(Stored entries)
──────────────────────────────

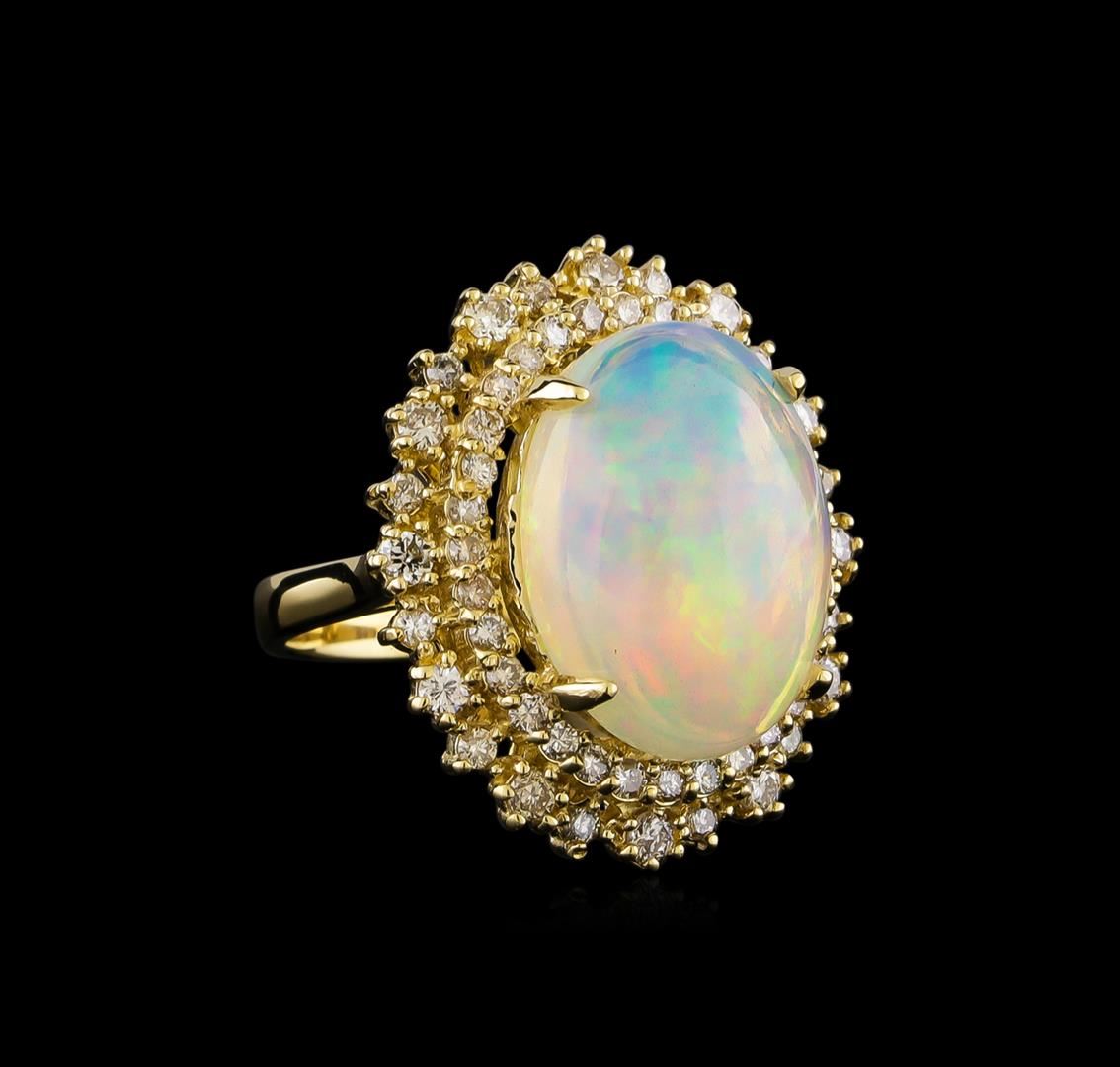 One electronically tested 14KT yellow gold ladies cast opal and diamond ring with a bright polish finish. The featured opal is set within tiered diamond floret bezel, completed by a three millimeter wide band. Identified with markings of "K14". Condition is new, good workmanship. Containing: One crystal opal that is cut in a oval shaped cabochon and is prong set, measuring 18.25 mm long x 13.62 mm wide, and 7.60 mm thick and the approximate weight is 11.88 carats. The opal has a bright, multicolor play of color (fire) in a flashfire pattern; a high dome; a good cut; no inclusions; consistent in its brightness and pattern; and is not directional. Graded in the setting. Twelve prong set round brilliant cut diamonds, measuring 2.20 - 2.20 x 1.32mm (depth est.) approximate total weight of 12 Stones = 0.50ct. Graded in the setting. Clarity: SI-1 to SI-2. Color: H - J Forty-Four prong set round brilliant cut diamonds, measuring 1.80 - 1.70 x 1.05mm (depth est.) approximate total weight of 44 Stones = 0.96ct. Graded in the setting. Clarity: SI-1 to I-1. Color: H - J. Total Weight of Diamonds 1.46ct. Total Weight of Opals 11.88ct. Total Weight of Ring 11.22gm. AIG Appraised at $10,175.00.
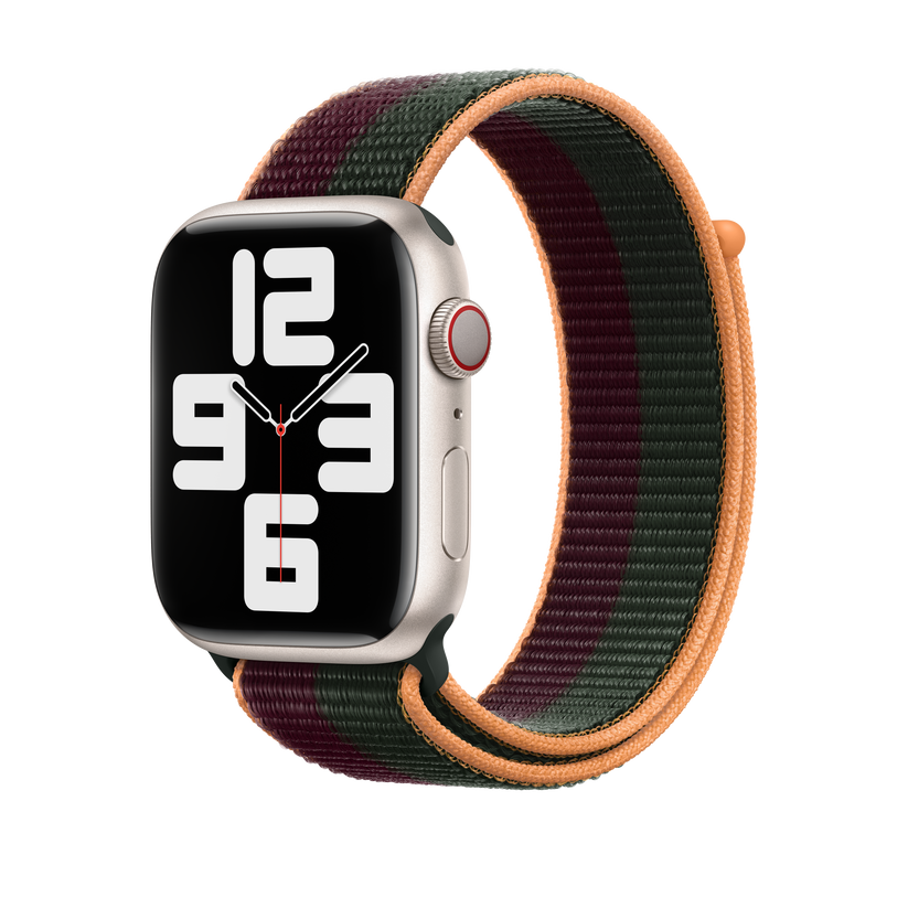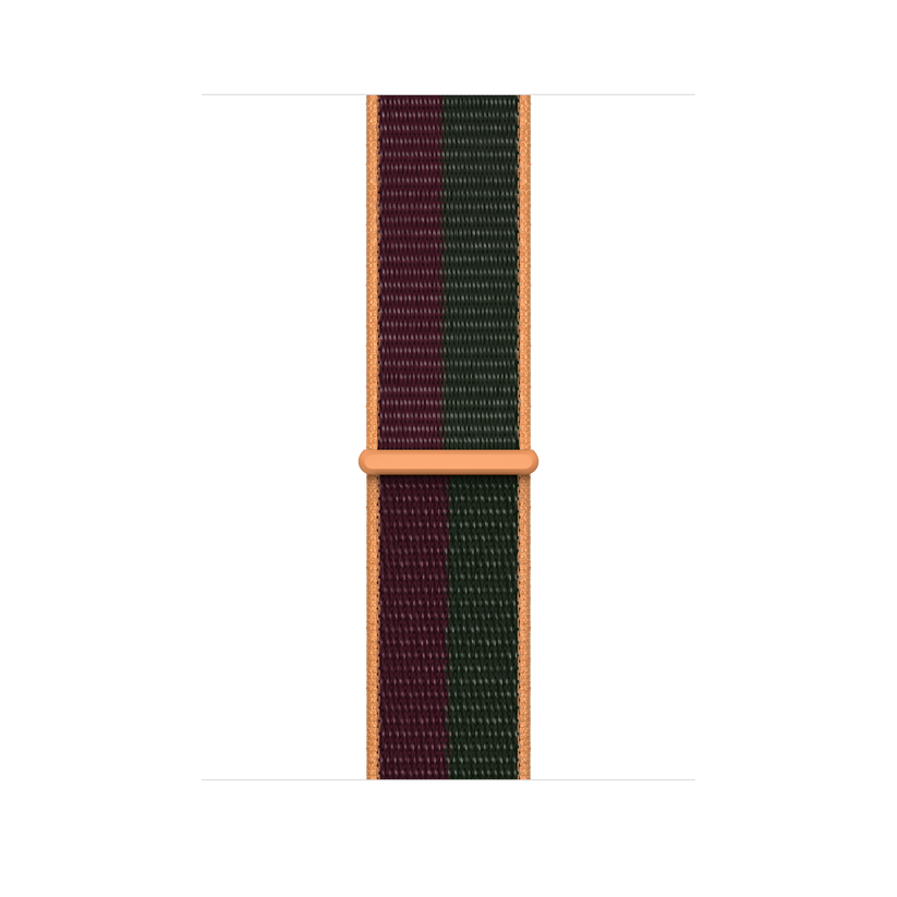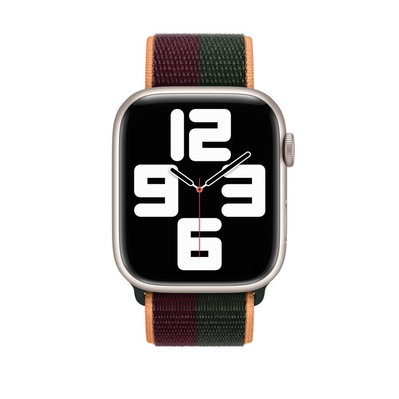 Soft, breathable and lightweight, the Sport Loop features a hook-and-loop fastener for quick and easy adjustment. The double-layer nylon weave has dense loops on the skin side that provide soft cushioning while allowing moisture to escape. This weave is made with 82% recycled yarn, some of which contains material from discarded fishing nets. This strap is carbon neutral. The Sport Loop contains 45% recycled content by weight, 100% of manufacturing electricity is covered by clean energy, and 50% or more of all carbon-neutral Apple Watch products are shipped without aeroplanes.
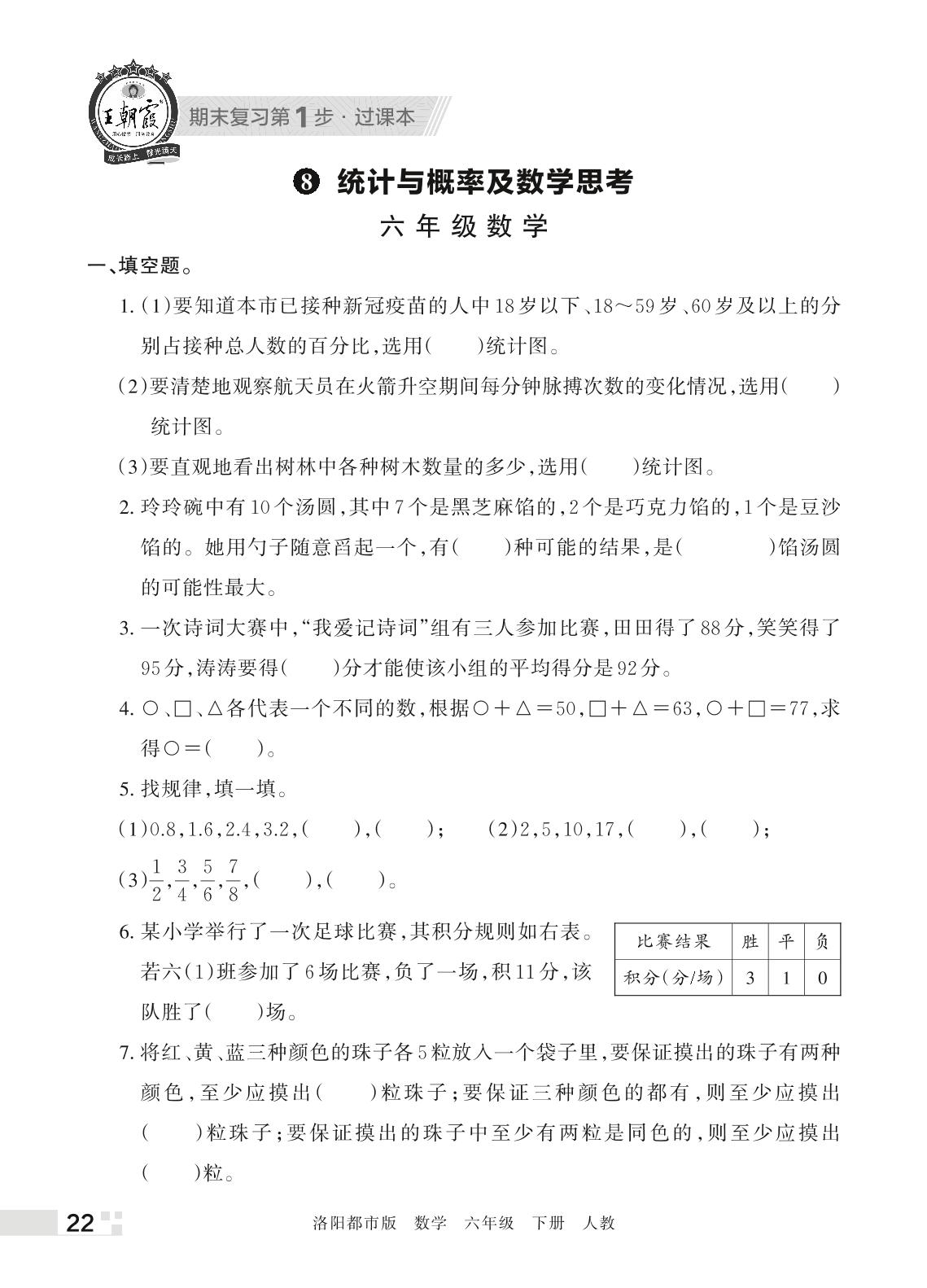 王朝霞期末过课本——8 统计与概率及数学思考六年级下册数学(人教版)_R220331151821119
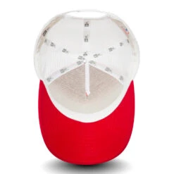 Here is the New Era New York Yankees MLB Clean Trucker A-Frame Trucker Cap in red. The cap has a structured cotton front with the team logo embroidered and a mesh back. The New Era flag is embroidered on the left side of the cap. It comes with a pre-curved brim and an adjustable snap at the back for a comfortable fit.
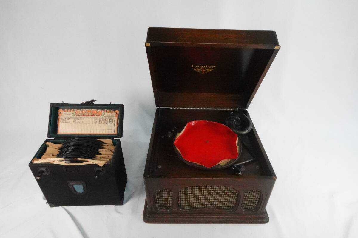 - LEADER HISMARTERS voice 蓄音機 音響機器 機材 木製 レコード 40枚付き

──────────────────────────────

Print all the lines above exactly as they are, but without the pictures.

**ANSWER FOR THE TASK**
 One electronically tested 14KT yellow gold ladies cast opal and diamond ring with a bright polish finish. The featured opal is set within tiered diamond floret bezel, completed by a three millimeter wide band. Identified with markings of "K14". Condition is new, good workmanship. Containing: One crystal opal that is cut in a oval shaped cabochon and is prong set, measuring 18.25 mm long x 13.62 mm wide, and 7.60 mm thick and the approximate weight is 11.88 carats. The opal has a bright, multicolor play of color (fire) in a flashfire pattern; a high dome; a good cut; no inclusions; consistent in its brightness and pattern; and is not directional. Graded in the setting. Twelve prong set round brilliant cut diamonds, measuring 2.20 - 2.20 x 1.32mm (depth est.) approximate total weight of 12 Stones = 0.50ct. Graded in the setting. Clarity: SI-1 to SI-2. Color: H - J Forty-Four prong set round brilliant cut diamonds, measuring 1.80 - 1.70 x 1.05mm (depth est.) approximate total weight of 44 Stones = 0.96ct. Graded in the setting. Clarity: SI-1 to I-1. Color: H - J. Total Weight of Diamonds 1.46ct. Total Weight of Opals 11.88ct. Total Weight of Ring 11.22gm. AIG Appraised at $10,175.00.
 Soft, breathable and lightweight, the Sport Loop features a hook-and-loop fastener for quick and easy adjustment. The double-layer nylon weave has dense loops on the skin side that provide soft cushioning while allowing moisture to escape. This weave is made with 82% recycled yarn, some of which contains material from discarded fishing nets. This strap is carbon neutral. The Sport Loop contains 45% recycled content by weight, 100% of manufacturing electricity is covered by clean energy, and 50% or more of all carbon-neutral Apple Watch products are shipped without aeroplanes.
 王朝霞期末过课本——8 统计与概率及数学思考六年级下册数学(人教版)_R220331151821119
 Here is the New Era New York Yankees MLB Clean Trucker A-Frame Trucker Cap in red. The cap has a structured cotton front with the team logo embroidered and a mesh back. The New Era flag is embroidered on the left side of the cap. It comes with a pre-curved brim and an adjustable snap at the back for a comfortable fit.
 - LEADER HISMARTERS voice 蓄音機 音響機器 機材 木製 レコード 40枚付き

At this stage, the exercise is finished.